PCB design - capacitance between track & ground plane

[Daniel Kelly \(AKA Jack\)]

Hi,

I'm designing a PCB for a high-current battery charger. My charger needs to
deliver in excess of 10 amps.

This current requires big, fat tracks.

But I'm worried that big fat tracks will also have a fat parasitic
capacitance (I'm using double sided board with the bottom layer being my
ground plane).

So, my question is: should I remove the ground plane under my fat tracks?

My calculations suggest that my fattest track would have a capacitance of
151pF.

Links:

Images of my draft schematic and board designs:
http://www.ucl.ac.uk/~ucgadak/board.gif
http://www.ucl.ac.uk/~ucgadak/schematic.gif
(this design uses components that will only deliver 4 amps, but I want the
PCB to be 'upgradeable' to 10 amps)

Datasheet for the chip I'm using:
http://www.maxim-ic.com/quick_view2.cfm/qv_pk/3483

Maths for capacitance:
http://www.informit.com/articles/article.asp?p=169477&seqNum=6

Many thanks,
Jack

 

[John Woodgate]

I read in sci.electronics.design that Daniel Kelly (AKA Jack) <d.kellyNO
[email protected]> wrote (in <[email protected]>) about
'PCB design - capacitance between track & ground plane', on Fri, 23 Jul
2004:

I'm designing a PCB for a high-current battery charger. My charger
needs to deliver in excess of 10 amps.

This current requires big, fat tracks.

But I'm worried that big fat tracks will also have a fat parasitic
capacitance (I'm using double sided board with the bottom layer being my
ground plane).

So, my question is: should I remove the ground plane under my fat
tracks?

My calculations suggest that my fattest track would have a capacitance
of 151pF.

Is this a switch-mode supply? If it is, what is the reactance of 151 pF
at the switching frequency? How does that compare with the impedances in
your charging circuit?

If not, please look at the following questions:

What is the impedance of 151 pF at DC or 60 Hz? (Hint: infinite and
17.6 gigohms.)

You are applying RF thinking to a very low frequency design.
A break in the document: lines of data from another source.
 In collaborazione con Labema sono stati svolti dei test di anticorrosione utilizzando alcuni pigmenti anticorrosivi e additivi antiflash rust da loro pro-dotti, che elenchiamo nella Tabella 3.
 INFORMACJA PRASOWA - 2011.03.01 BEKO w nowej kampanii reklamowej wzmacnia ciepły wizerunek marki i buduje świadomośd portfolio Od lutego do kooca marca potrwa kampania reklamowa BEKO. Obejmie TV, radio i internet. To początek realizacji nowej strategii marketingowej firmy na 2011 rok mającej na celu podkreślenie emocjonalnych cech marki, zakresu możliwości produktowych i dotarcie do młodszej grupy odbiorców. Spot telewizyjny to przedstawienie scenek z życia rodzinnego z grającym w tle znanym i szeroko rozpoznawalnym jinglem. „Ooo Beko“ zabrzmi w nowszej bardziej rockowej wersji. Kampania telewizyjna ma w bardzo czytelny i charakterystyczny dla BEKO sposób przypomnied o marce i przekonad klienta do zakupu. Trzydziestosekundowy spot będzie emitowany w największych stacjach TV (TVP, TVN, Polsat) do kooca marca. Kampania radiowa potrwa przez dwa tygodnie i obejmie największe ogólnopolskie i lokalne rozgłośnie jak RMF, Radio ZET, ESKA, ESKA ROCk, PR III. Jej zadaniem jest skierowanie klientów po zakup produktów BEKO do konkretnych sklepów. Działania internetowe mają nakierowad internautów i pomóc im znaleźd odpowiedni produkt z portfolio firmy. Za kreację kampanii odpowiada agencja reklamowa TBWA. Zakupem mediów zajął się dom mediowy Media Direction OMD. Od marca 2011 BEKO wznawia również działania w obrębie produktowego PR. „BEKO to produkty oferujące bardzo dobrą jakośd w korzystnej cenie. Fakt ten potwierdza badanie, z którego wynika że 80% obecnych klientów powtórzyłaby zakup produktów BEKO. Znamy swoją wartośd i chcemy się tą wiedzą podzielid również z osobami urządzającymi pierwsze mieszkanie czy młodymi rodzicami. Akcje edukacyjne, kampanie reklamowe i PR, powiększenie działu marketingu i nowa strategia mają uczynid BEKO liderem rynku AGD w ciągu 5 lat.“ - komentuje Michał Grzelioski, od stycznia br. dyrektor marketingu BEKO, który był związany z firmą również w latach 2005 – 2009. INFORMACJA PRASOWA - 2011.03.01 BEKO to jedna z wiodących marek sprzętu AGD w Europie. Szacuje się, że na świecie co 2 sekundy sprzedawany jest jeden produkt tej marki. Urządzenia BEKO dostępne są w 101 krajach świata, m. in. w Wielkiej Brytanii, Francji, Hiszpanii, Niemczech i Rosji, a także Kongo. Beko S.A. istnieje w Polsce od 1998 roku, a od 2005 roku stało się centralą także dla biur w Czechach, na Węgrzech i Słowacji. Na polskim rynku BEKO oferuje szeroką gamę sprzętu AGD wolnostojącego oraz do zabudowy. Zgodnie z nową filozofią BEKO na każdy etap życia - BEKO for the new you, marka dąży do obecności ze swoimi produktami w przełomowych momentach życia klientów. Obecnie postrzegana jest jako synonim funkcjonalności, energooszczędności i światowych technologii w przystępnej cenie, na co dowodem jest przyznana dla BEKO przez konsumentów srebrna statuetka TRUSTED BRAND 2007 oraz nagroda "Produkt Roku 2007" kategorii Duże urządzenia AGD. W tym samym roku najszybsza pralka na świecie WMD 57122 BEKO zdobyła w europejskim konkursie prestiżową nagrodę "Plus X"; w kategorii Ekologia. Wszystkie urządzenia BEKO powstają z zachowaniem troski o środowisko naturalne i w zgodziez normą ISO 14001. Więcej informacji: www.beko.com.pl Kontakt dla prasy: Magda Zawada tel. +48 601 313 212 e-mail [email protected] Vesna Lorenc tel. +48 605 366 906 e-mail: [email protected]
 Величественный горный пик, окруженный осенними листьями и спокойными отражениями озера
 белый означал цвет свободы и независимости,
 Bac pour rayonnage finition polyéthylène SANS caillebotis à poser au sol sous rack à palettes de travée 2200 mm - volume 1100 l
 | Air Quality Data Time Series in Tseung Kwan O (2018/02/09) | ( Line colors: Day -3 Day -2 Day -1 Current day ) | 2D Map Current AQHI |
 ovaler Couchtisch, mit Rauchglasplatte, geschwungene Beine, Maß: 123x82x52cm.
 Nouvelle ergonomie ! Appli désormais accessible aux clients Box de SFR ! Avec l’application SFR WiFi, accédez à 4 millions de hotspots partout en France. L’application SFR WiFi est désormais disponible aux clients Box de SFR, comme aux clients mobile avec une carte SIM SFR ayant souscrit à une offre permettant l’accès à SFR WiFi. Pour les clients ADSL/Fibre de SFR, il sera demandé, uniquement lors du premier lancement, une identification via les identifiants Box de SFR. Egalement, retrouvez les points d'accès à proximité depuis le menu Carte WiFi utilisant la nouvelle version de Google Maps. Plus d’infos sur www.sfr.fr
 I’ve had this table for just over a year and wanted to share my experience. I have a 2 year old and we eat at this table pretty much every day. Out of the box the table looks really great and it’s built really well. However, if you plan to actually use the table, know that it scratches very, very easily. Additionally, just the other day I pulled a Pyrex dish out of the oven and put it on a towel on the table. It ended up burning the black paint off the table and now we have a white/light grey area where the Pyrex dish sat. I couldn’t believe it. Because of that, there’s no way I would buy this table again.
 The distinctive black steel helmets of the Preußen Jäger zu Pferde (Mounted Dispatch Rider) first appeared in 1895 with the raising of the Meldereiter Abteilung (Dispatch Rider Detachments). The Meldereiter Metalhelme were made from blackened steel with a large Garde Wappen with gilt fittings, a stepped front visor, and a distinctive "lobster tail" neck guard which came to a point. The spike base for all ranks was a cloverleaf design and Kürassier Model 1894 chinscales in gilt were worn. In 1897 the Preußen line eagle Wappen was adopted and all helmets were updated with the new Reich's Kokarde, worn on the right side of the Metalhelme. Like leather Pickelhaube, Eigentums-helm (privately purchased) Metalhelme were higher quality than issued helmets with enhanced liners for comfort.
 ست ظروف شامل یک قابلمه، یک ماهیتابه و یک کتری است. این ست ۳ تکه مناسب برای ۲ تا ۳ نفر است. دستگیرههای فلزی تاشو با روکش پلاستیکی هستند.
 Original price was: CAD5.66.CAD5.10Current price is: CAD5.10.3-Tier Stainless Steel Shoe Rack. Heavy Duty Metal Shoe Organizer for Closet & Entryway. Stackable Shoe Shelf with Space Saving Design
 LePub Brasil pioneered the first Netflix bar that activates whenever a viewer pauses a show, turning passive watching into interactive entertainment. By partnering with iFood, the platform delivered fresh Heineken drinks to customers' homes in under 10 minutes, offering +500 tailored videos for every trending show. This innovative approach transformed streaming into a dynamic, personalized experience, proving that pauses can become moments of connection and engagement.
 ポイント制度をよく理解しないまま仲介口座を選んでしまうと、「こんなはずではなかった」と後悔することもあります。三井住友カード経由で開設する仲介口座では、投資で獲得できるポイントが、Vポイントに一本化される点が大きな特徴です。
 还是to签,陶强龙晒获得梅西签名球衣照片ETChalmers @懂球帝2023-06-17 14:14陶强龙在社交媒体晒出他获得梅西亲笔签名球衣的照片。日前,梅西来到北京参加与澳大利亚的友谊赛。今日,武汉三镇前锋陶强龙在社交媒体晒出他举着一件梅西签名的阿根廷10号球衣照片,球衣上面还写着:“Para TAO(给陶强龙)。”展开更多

You don't
need a ground plane and you can forget about parasitic capacitance.

 

[Rene Tschaggelar]

Hi,

I'm designing a PCB for a high-current battery charger. My charger needs to
deliver in excess of 10 amps.

This current requires big, fat tracks.

But I'm worried that big fat tracks will also have a fat parasitic
capacitance (I'm using double sided board with the bottom layer being my
ground plane).

So, my question is: should I remove the ground plane under my fat tracks?

My calculations suggest that my fattest track would have a capacitance of
151pF.

Jack,
if the capacitance is of concern, yes, then you can lower the
capacitance by not having the tracks on top of each other.
If it matters, then you most likely also have to minimize the magnetic
field, meaning the tranck should be on top of each other.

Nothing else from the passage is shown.